Medscape Web site. http://emedicine.medscape.com/article/767744-overview. Updated April 15, 2009. Accessed December 6, 2011.
QUESTION & ANSWER
1. A 42-year-old woman develops a tingling sensation in her hands on postoperative day 2 following a total thyroidectomy for papillary thyroid cancer. She appears anxious and complains of muscle cramps. Which of the following is the most appropriate initial step to manage this condition?
a. 75 µg of levothyroxine
b. 10 mL of 10% magnesium sulfate IV
c. Continuous infusion of calcium gluconate
d. Stat IM dose of synthetic parathyroid hormone
Answer: c
Explanation: Intravenous calcium gluconate is the appropriate treatment for severe, symptomatic hypocalcemia, although high-dose oral calcium supplementation (up to 1-2 g every 4 hours) may be sufficient for patients with mild symptoms.
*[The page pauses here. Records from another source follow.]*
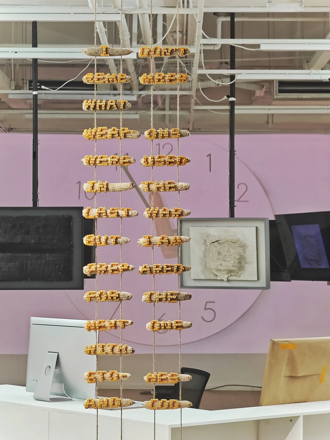 作品:玉米铭刻技术,既回应当下地质与生产结构层面的土地流失,也为未来物资匮乏境况做准备
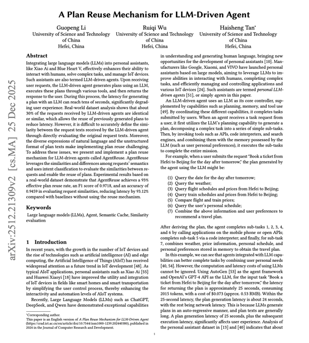 AgentReuse (USTC): A new plan‑reuse mechanism for LLM agents separates task intent from parameters, caches prior step‑by‑step plans, and re‑injects fresh arguments for semantically similar tasks, achieving a 93% effective plan reuse rate and cutting latency by 93.12% vs. no caching on 2,664 real agent requests according to the agentreuse summary and the ArXiv paper. The system adds under 100MB of extra VRAM and ~10ms overhead per request yet still beats response‑level caches like GPTCache by 60.61% on latency, because it reuses structured plan skeletons while re‑executing tools for up‑to‑date answers.
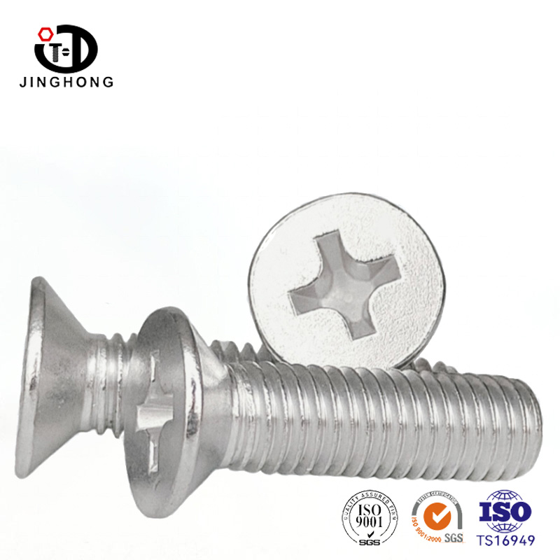 De aluminiumlegering kruist de platte kopschroefkop perfect in het verbonden stuk, met een vlak oppervlak na de installatie. De kop komt overeen met het conische oppervlak van de tegenboor om radiale voorspanning te genereren, en met de koppelregeling van de kruisgroef kan het een gesloten toestand onder trillingsomgeving behouden. Hidden Design maakt het uiterlijk van het product beknopt, en in velden zoals het bouwen van gordijnwanden en high-end meubels, kan het een naadloos visueel effect bereiken.

This patient is experiencing postthyroidectomy hypocalcemia, likely due to transient ischemia of the parathyroid gland. Unless the parathyroid glands were inadvertently excised during the procedure, the condition is likely to be self-limited and will resolve in a few days. If the hypocalcemia persists, calcium and vitamin D supplementation will be necessary. There is no role for thyroid hormone replacement in the treatment of hypocalcemia, and synthetic parathyroid hormone is a treatment for osteoporosis. Magnesium sulfate may be beneficial if magnesium levels are low but would not be the initial step.